Como haces para sincronizar la señal que recibe el diodo del opto proveniente del arduino? pregunto de ignorancia, nunca hice nada con estas cosas, pero ese pulso no deberia estar sincronizado con la senoidal de la alterna del lado del motor? o eso no influye para nada?


----------



## rachelies

Para sincronizar tengo un detector de paso por cero, que cuando detecta este paso por cero es cuando cuenta los ms para hacer el disparo dentro del semiciclo de la onda actual.


----------



## sergiot

Ok, me imaginé que algo de eso deberías hacer, no probaste de medir con un osciloscopio lo que esta sucediendo? si realmente estas cortando el semiciclo con el angulo correcto y de forma estable en el tiempo?


----------



## rachelies

Un osciloscopio es lo que me gustaría, pero en casa no lo tengo. Utilizo el del trabajo cuando puedo.


----------



## miglo

rachelies dijo:


> ¿Qué tal el proyecto? ¿Funciona el motor? Estoy tratando de hacer lo mismo, poder controlar el motor de una lavadora con un arduino y un triac. El montaje que tengo, funciona perfectamente con una bombilla, pero con el motor no soy capaz.
> El circuito es el que se ve en muchos sitios de internet:
> Ver el archivo adjunto 183331
> En Rs tengo 100ohm y Cs 100nF, y un triac BTA snubberless (en teoria)
> Con la frecuencia de red de España, 50Hz, hay 10ms entre pasos por cero. Para hacer pruebas hago el disparo a los 8ms; el motor arranca y va bien como 2 segundos, pero luego empieza a acelerarse a escalones sin yo mover el disparo. Como si al arrancar fuese a 500rpm, al rato sube a 600, al segundo a 800.... y se va embalando pero así a escalones, no lineal.
> Ya estoy perdido porque ya he probado a quitar y poner filtros, y sigue siempre igual. Ya he probado hasta con diferentes MOC3021 por si estuviese mal, pero lo mismo.
> ¿Puede ser que se autodispare el Triac?

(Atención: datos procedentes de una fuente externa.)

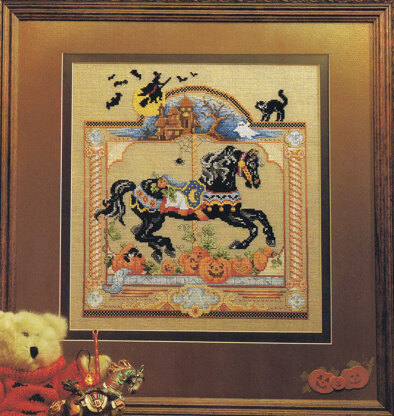 By Linda Gillum. A haunted carousel horse might just scare you enough to stay home on Halloween and stitch this whimsical design. Full of Halloween items, this design is so lovely, you might want to display it year round.

Debes tener clara una cosa, suponiendo que estes usando un motor universal, el motor le mandas toda la corriente, al arrancar va despacio pero luego va subiendo hasta llegar al maximo, por eso te va subiendo las revoluciones, de hay el circuito de paso por cero, para ajustar el disparo y asi mantenerlo en una velocidad, mas-menos, constante.


----------



## Scooter

rachelies dijo:


> Por partes: He probado con un opto triac de deteccion de cruce por cero, el MOC3041, pero con una bombilla. Con el mismo código hace cosas raras, como disparos aleatorios. Volveré a probar con más calma, pero como vi esa respuesta, pues ni seguí peleando con él y pasé directamente al MOC3021.
> Lo de dispararlo continuamente no lo probé, pero ¿que puedo esperar de ello? yo creo que se pone al 100% el motor, ¿no?


Claro tu le dices una cosa y la circuitería interna otra.
Si el opto tiene detector de paso por cero no puedes hacer control de fase.


----------



## rachelies

El circuito está bien con el MOC3021, pero el problema está en el programa del Arduino. Tenia este código para la interrupción de paso por cero, que sale en muchos foros y videos:


		Código:
	

void paso_por_cero(){
  delayMicroseconds(pot);
  digitalWrite(Triac_Motor, HIGH); //dispara el triac
  delayMicroseconds(20);   //espera para asegurar disparo
  digitalWrite(Triac_Motor, LOW);  //apaga la puerta del triac (el triac se apaga en el siguiente paso por cero)
}


Con la bombilla parece que funciona bien, porque no se nota el fallo como en el motor. Dentro de la interrupción no funciona como debe el "delayMicroseconds", porque he comprobado que los microsegundos no los cuenta bien dentro de la interrupción, y los disparos terminan siendo muy aleatorios.
Luego encontré AC Phase Control en el playground de Arduino, y hace lo mismo utilizando el Timer 1 del Arduino y sus interrupciones, y ahora si que funciona perfectamente. El motor acelera hasta donde yo le digo, y no tiene ni tirones ni nada raro.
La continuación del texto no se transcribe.